En 2020, les systèmes sociaux ont fait la démonstration parfaite de leur auto-fonctionnement : des écoles sans élèves, des universités sans étudiants (juste quelques adresses IP), des entreprises en télétravail, des magasins sans autres clients que de simples empreintes visa, etc. Toute cela fonctionnait très bien, au regard d’un certain idéal d’efficacité, en reléguant les humains dans la sphère privée, où se canalisent protestation, indignation et frustration.

En Belgique, comme ailleurs, les contours d’un État post-démocratique (une gouvernance d’experts) s’esquisse au rythme de ces multiples crises autoproduites (financière, terroriste, migratoire, sanitaire, etc.). Comme celles-ci sont confirmées par les médias de masse, la réalité sociale s’en trouve plus fermement cadenassée  ; la critique n’a plus voix au chapitre. L’essentiel, dans un État post-démocratique, est que les thèmes conflictuels revêtent une forme qui ne leur permet plus de se généraliser ni d’être politisés.
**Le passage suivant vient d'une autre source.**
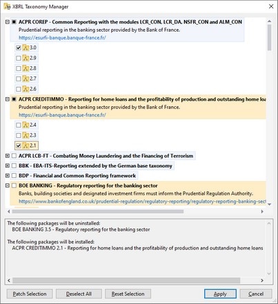 •Via the .altova_taxonomies file downloaded from the Altova's XBRL Taxonomy Download Center: Double-click the downloaded file to run the Taxonomy Manager GUI, which will be set up to install the taxonomies you selected (at the website) for installation.
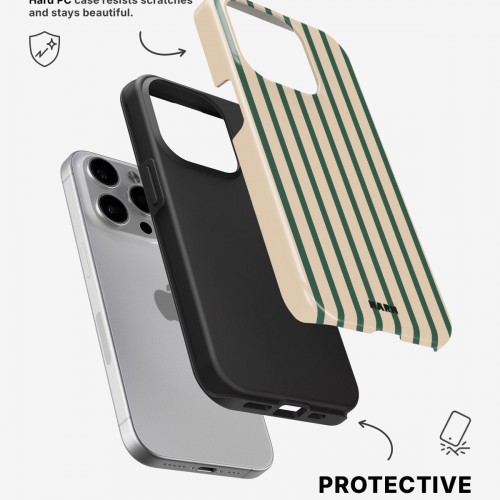 Meet the Tough Case for iPhone 14 Pro Max in the pattern: Evergreen Stripe. Strong on the outside, soft on the inside. This case is made to protect your phone from daily drops, scratches and surprises while keeping it stylish.
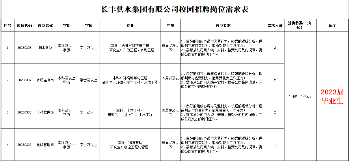 長豐供水集團(tuán)有限公司系長豐縣屬國有企業(yè)。注冊資金3個億,市值18億。集團(tuán)公司下轄14個鄉(xiāng)鎮(zhèn)供水所、3個制水廠、4個子公司。因工作需要,合肥慧豐人才服務(wù)有限公司受長豐供水集團(tuán)有限公司委托,現(xiàn)面向校園招聘工作人員7名,現(xiàn)將有關(guān)事項公告如下:
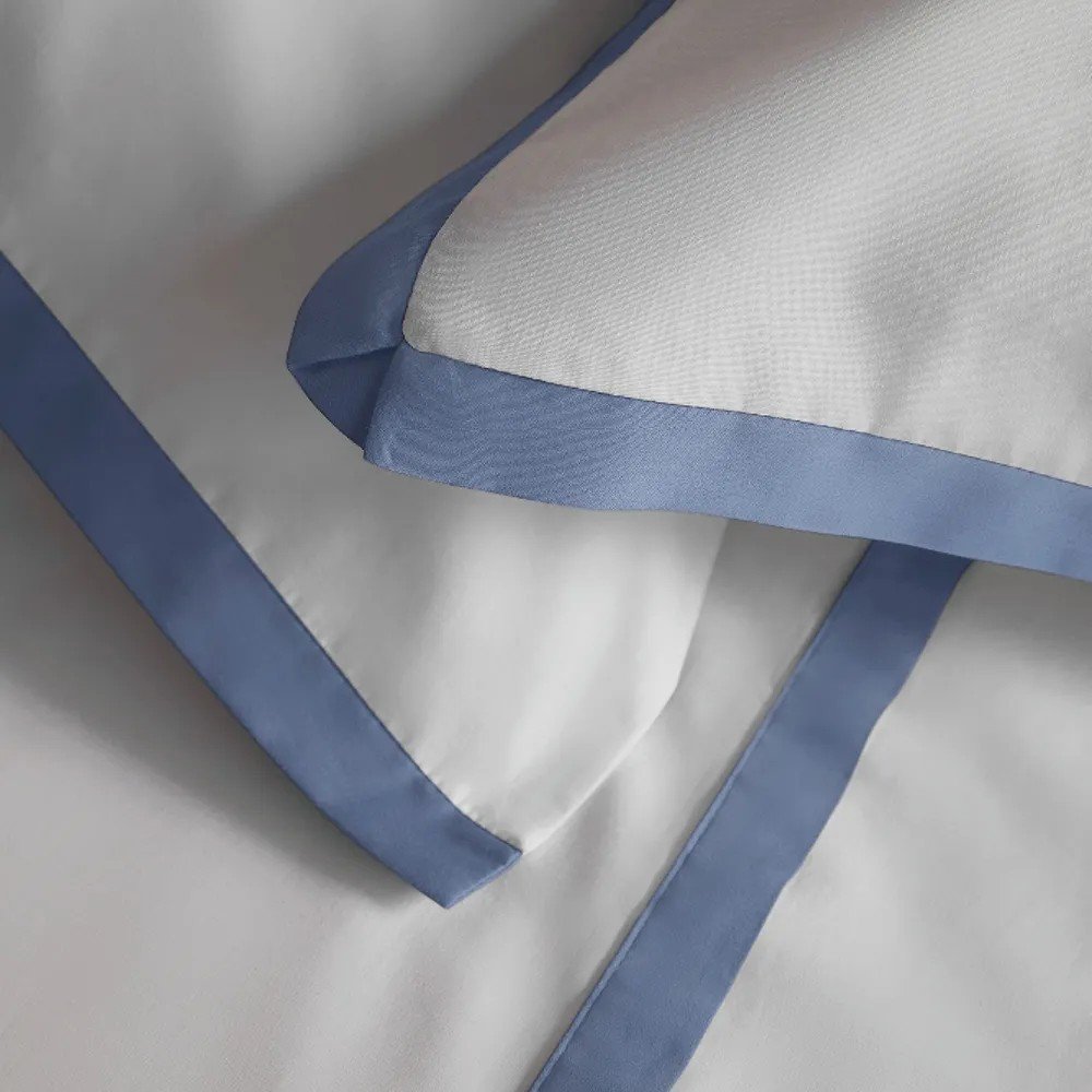 Acabamento | Fio Percal. Tecido mercerizado. Fronhas e dobra feita com aplicação de detalhe tinto. |
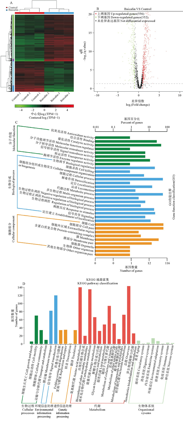 1.8 差异基因鉴定筛选、功能注释和富集分析通过StringTie进行转录本和基因重构,分析每个转录本在各样本中的表达量,利用GO功能注释和KEGG功能富集分析,筛选出差异基因及其涉及的通路,用FPKM表示结果。以|log2(Fold change)|≥1且P≤0.05作为差异基因的筛选阈值,运用软件DESeq2分析每个基因表达的差异性,并进行嗜水气单胞菌不同处理组(Control组和Baicalin组)的组间比较,进而研究差异基因的功能。
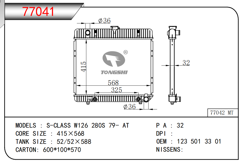 適用于寶馬 E30 320 i 82-93 AT散熱器OEM:1723 825/1719 261
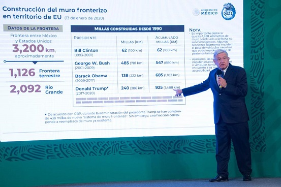 «Estamos muy de acuerdo en que se cancele la construcción del muro. Es un tema que celebramos porque el muro se ha venido construyendo desde hace algún tiempo (…) han construido sus tramos de muro tanto los presidentes demócratas como los presidentes republicanos», dijo López Obrador.
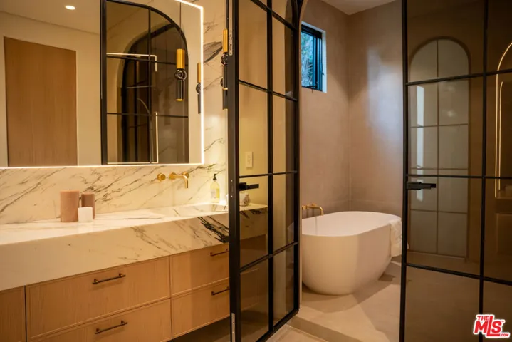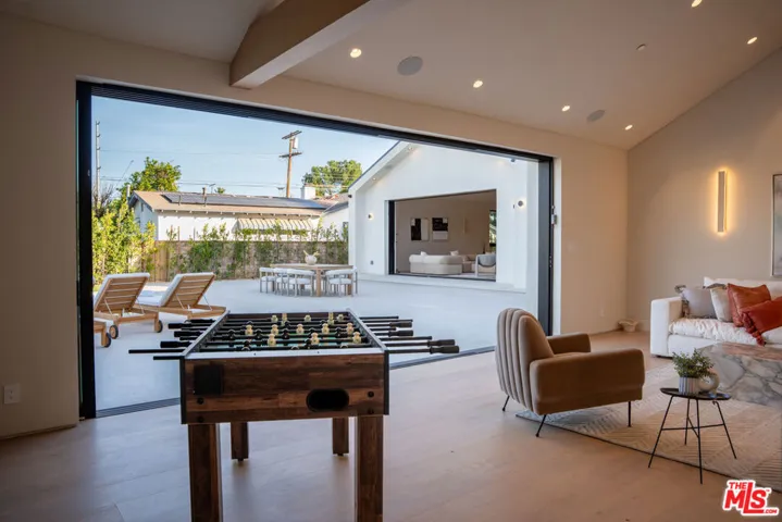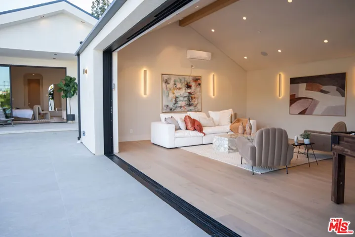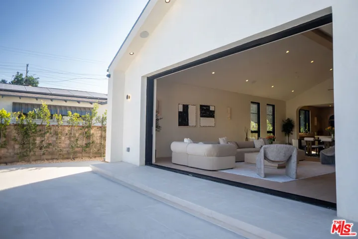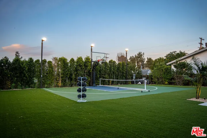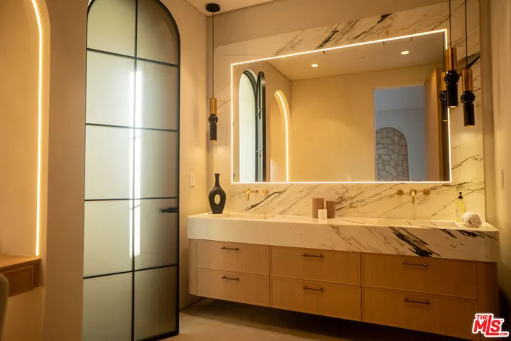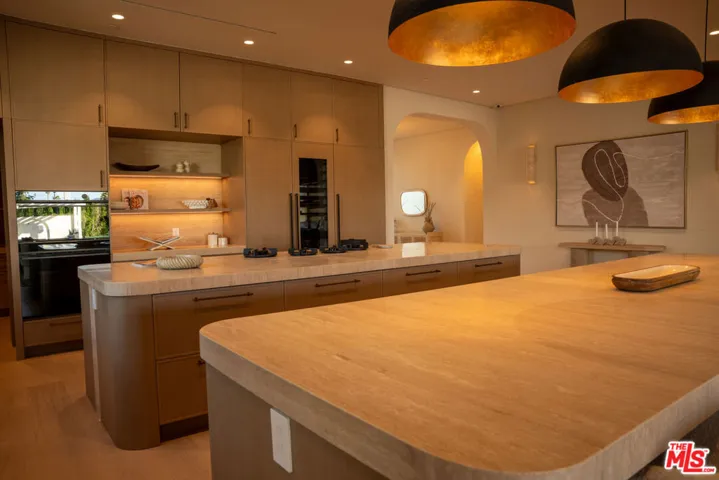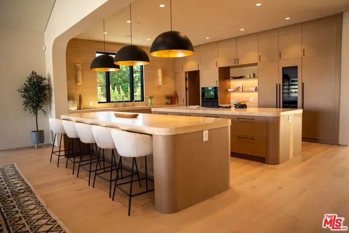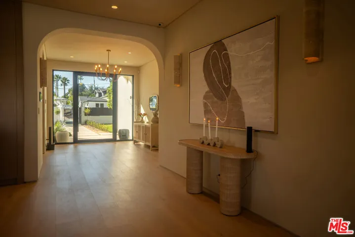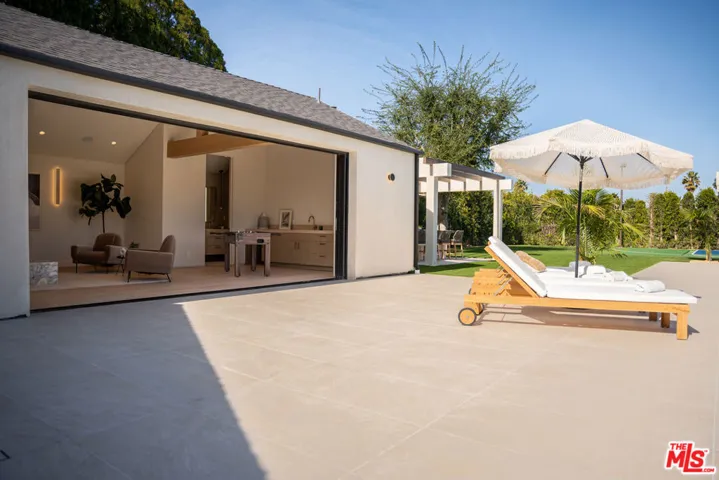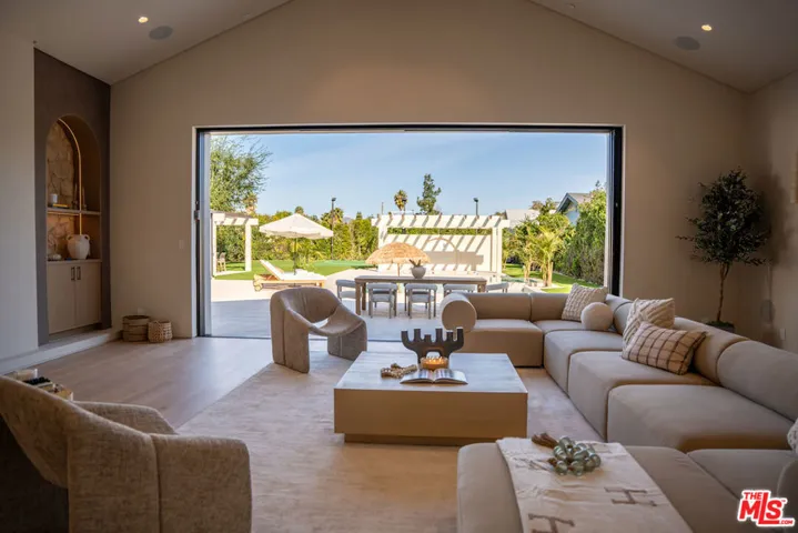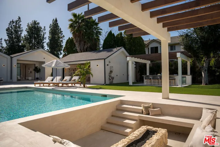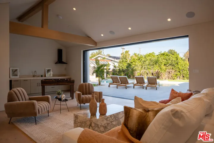 Elevated single-level resort-style residence showcasing warm natural textures and refined modern design. A soft neutral palette, custom millwork, arched architectural details, stone finishes, and wide-plank wood flooring create a cohesive, magazine-worthy aesthetic throughout. The open-concept layout is filled with natural light and highlighted by vaulted ceilings with exposed beams and seamless sightlines to the outdoor living spaces.At the heart of the home is a designer statement kitchen featuring an oversized island with seating, integrated cabinetry, sculptural pendant lighting, and a dramatic stovetop feature wall wrapped in custom stone with a sleek vent hoodcreating a striking focal point that blends form and function.The 4,000 sq. ft. main residence offers four bedrooms and four and a half bathrooms, including a luxurious primary suite designed as a private retreat. The spa-inspired bath is finished with natural stone, soft ambient lighting, and refined fixtures, while dual walk-in closets complete the space. Secondary bedrooms and baths continue the home’s calming, elevated design.Situated on an approx. 18,000 sq. ft. lot, the backyard is a true resort-style oasis featuring a sparkling pool and spa with Baja shelf, a sunken conversation fire pit lounge, expansive entertaining patios, a sports court, and a 700 sq. ft. detached guest house with a private bathroomperfect for guests, a home office, or studio. Covered and open-air spaces create multiple zones for relaxing and entertaining, while large sliding glass doors provide seamless indoor-outdoor flow.An exceptional single-level home combining modern design, comfort, and resort-style amenities.
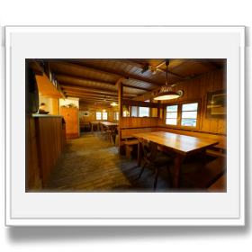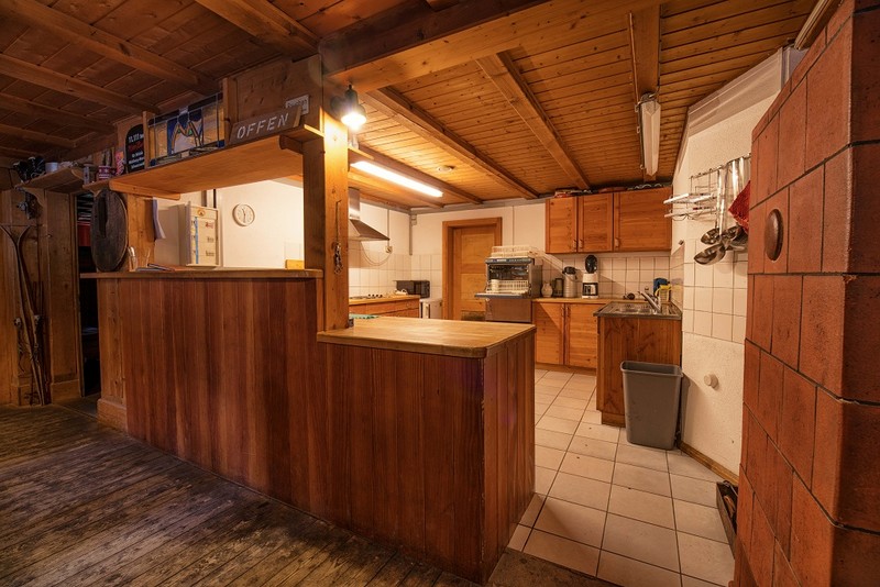 Großer Aufenthaltsraum: Tische und Bänke für ca. 20 Personen, Regale, Kachelofen.
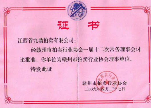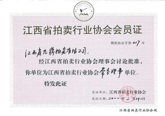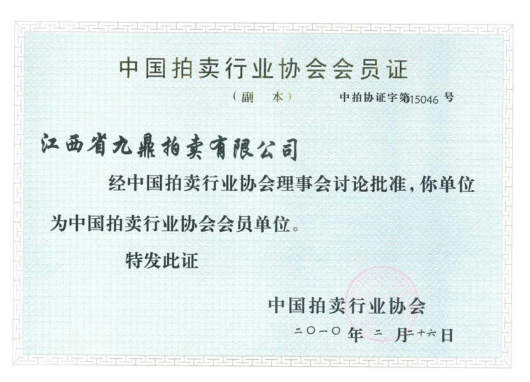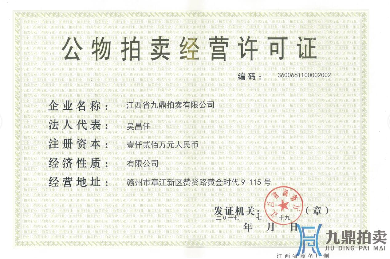 江西省九鼎拍賣有限公司是嚴格按照《中華人民共和國公司法》、《中華人民共和國拍賣法》等有關法律法規(guī)而成立的拍賣機構,是國家A級資質拍賣企業、中國拍賣行業協會會員單位、江西省公物拍賣指定單位、江西省拍賣行業協會常務理事單位,是目前江西省規(guī)模較大、起點較高的專業拍賣單位。公司遵照《中華人民共和國合同法》、《中華人民共和國拍賣法》等法律法規(guī)、政策,依法接受公民、法人或其他組織的委托,并提供財產鑒定評估、過戶代理等業務。

À chaque crise autoproduite, le totalitarisme légitime de la prévention gagne du terrain sur le débat démocratique et l’intelligence collective. La crise permet une double clôture du débat public, par les experts et par l’élite dirigeante. La crise désarme la critique en isolant socialement et thématiquement l’être humain pour que sa protestation demeure sans effet.

Bernard Rentier

Biologiste et virologue, ancien Recteur de l’ULiège

RentierBernard-JLW La crise sanitaire a été le révélateur de nombreux défauts et travers préexistants dans le fonctionnement des piliers de notre société : la santé publique, la politique, le droit, la science, les technologies, la presse et les réseaux dits sociaux.

J’en retiendrai sept.

  • Les vertus mais également les limites de l’Open Access, qui m’est cher. Il a effectué un formidable bond en avant avec les prépublications en raison de l’urgence, mais il a en même temps fragilisé la crédibilité de la communication scientifique.
  • Le constat tardif que cette pandémie ne diffère essentiellement des précédentes que par l’évolution débridée des moyens de communication.
  • La rétention de nombreuses données brutes par les services publics compétents, en infraction avec le principe d’Open Data qui exige leur totale disponibilité.
  • La confiance aveugle des “experts” dans les nouvelles technologies et dans la propagande industrielle au mépris du plus élémentaire principe de précaution.
  • La regrettable confusion médiatique entre science et savoir public. Les abus juridiques du pouvoir exécutif et le vote dans l’urgence par le pouvoir législatif de textes autorisant le traçage des citoyens au mépris du secret médical et de la protection des données privées.
  • Enfin, le plus consternant pour moi, la découverte d’un dogmatisme et d’un radicalisme chez de nombreux scientifiques, pétris de certitudes, condamnant le doute, voire même le simple questionnement, refusant le débat au nom d’un consensus à la fois nécessaire et urgent, donc mythique, et en contradiction avec les processus éprouvés d’avancement de la science.
  • Tout ceci met en lumière une société déshumanisée, virtuelle, hygiéniste et ultra-sécuritaire, mal préparée pour des événements de ce genre, pourtant prévisibles. La vraie urgence désormais consiste à tirer les leçons de cet épisode historique pour en éviter les travers à l’avenir...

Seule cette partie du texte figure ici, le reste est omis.